§ **Exercise description**:
Exact copies of the lines below, from the one with "在包含;動畫《阿基拉》、《攻" up to and including the one with "3、防治措施:尽量少用或不用", are what this calls for; leave out pictures.

§ **Records to process**:
************
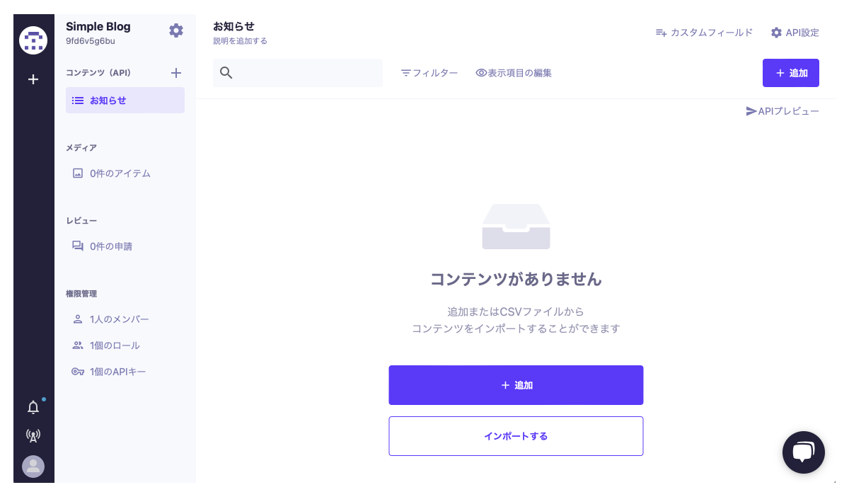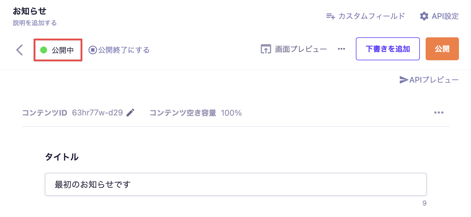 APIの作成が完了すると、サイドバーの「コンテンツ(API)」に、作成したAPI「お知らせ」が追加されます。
************
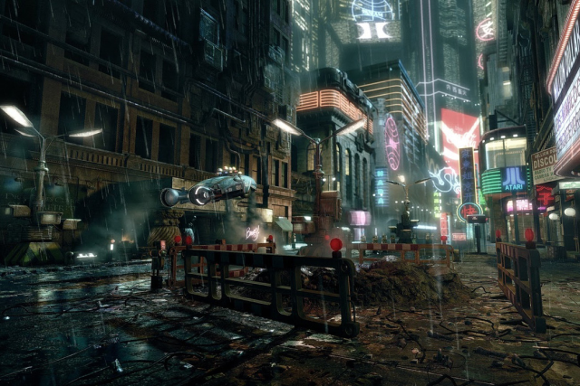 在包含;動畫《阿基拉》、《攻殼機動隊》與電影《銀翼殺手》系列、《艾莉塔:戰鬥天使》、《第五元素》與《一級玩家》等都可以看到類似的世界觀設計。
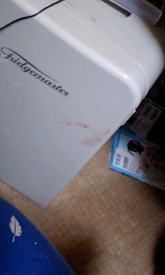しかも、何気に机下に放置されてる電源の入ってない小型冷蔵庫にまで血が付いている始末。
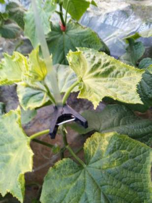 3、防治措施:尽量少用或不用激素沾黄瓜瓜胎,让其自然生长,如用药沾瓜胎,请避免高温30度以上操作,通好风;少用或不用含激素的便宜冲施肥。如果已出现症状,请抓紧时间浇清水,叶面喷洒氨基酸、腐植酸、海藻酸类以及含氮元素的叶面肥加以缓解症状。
************
§ **Task response**:
 在包含;動畫《阿基拉》、《攻殼機動隊》與電影《銀翼殺手》系列、《艾莉塔:戰鬥天使》、《第五元素》與《一級玩家》等都可以看到類似的世界觀設計。
しかも、何気に机下に放置されてる電源の入ってない小型冷蔵庫にまで血が付いている始末。
 3、防治措施:尽量少用或不用激素沾黄瓜瓜胎,让其自然生长,如用药沾瓜胎,请避免高温30度以上操作,通好风;少用或不用含激素的便宜冲施肥。如果已出现症状,请抓紧时间浇清水,叶面喷洒氨基酸、腐植酸、海藻酸类以及含氮元素的叶面肥加以缓解症状。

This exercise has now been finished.